#### [Work required]
In the records below, find each line containing the word "avec" and copy it.

#### [Excerpted records]
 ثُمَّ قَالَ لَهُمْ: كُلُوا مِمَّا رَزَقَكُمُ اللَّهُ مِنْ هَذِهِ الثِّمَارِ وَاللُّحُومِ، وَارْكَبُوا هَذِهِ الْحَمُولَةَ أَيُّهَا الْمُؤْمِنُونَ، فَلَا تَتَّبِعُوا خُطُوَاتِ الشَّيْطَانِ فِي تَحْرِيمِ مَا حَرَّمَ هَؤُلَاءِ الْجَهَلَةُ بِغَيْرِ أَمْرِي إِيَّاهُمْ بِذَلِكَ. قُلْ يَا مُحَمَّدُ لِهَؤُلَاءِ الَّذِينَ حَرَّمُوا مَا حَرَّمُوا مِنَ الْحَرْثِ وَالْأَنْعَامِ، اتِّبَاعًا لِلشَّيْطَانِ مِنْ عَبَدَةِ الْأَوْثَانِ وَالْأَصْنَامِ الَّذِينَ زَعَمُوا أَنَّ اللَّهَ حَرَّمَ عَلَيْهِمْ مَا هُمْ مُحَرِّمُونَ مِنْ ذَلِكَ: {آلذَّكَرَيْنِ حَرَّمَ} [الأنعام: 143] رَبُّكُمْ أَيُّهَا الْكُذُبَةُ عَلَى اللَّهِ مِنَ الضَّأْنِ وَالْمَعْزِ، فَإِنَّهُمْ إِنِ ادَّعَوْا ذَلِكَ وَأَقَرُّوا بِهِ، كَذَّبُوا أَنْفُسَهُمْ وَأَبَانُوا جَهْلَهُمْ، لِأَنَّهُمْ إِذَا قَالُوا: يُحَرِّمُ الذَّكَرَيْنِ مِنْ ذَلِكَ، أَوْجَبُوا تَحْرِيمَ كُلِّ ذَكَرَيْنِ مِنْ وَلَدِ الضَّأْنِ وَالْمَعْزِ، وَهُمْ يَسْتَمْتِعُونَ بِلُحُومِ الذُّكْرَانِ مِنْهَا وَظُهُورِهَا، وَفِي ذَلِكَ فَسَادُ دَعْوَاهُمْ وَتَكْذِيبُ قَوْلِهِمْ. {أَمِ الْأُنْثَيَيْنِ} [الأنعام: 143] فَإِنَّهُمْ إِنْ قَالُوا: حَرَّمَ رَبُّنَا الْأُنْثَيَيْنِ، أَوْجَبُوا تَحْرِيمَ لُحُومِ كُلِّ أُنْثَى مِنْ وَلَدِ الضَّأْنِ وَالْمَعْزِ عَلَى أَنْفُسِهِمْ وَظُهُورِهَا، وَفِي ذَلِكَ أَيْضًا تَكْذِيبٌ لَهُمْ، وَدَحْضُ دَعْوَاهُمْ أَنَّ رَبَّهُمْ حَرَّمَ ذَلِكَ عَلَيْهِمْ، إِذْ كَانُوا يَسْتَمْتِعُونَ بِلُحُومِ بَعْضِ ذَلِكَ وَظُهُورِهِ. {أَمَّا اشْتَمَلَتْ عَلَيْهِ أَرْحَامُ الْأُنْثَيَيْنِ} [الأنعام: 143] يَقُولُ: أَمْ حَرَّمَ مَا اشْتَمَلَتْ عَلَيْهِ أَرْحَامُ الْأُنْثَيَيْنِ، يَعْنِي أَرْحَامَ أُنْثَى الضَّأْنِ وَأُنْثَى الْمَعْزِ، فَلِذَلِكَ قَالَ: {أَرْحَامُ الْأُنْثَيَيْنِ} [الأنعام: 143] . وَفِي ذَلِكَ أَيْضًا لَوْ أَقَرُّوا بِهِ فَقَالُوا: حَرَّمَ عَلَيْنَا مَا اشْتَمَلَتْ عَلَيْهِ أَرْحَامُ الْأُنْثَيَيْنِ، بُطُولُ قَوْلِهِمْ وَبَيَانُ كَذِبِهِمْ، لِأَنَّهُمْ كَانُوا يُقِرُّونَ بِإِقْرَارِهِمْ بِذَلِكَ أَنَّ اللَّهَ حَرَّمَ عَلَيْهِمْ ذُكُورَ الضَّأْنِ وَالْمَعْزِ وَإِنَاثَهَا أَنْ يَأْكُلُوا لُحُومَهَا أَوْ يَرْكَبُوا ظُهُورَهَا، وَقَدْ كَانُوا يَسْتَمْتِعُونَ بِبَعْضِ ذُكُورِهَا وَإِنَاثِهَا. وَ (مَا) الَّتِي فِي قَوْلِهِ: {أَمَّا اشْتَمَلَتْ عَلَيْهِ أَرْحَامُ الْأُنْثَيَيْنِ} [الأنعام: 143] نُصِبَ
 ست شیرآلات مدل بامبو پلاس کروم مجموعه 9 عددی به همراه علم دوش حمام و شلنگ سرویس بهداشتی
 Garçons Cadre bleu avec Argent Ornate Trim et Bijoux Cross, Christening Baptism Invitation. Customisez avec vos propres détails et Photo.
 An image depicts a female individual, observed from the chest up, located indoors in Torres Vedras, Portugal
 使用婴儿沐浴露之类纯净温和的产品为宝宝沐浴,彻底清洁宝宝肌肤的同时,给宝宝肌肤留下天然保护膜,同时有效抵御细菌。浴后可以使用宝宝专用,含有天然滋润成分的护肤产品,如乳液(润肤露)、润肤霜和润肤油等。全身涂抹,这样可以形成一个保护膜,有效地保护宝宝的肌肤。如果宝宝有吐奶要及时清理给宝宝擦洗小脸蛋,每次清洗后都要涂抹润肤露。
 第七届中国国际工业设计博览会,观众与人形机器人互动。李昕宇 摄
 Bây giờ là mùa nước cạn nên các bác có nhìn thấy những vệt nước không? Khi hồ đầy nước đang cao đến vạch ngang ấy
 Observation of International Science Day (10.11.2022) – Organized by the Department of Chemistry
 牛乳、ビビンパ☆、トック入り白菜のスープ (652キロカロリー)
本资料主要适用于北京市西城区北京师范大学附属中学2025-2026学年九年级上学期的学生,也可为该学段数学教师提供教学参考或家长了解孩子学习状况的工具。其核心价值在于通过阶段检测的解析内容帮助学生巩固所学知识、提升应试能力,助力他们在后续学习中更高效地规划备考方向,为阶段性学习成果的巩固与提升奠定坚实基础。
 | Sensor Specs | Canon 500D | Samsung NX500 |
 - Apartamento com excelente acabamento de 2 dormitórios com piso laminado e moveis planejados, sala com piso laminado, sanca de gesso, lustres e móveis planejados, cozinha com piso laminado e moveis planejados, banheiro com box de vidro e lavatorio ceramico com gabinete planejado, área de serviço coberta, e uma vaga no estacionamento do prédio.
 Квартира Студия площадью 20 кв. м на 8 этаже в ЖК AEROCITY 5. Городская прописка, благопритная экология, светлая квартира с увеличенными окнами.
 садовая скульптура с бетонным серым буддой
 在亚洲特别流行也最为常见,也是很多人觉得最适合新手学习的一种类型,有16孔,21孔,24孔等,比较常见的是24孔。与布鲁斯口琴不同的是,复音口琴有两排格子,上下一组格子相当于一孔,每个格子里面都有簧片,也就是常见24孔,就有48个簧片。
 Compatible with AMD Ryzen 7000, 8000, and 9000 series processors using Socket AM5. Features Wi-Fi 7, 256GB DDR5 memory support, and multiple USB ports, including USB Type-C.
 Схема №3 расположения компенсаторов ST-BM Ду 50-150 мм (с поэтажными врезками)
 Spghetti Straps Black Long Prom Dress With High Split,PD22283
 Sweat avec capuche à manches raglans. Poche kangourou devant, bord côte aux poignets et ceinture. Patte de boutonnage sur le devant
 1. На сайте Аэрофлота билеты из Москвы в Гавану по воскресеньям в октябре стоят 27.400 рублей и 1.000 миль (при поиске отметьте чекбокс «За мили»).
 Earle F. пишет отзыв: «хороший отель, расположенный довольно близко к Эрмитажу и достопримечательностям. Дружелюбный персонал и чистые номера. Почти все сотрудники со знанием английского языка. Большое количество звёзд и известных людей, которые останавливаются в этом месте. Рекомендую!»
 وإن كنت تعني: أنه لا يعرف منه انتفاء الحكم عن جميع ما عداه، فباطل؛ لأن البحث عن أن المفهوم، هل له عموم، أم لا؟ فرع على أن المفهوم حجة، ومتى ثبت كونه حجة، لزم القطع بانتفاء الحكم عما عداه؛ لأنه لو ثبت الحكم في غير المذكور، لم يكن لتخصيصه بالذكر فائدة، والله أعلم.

#### [Solution for this task]
 Garçons Cadre bleu avec Argent Ornate Trim et Bijoux Cross, Christening Baptism Invitation. Customisez avec vos propres détails et Photo.
 Sweat avec capuche à manches raglans. Poche kangourou devant, bord côte aux poignets et ceinture. Patte de boutonnage sur le devant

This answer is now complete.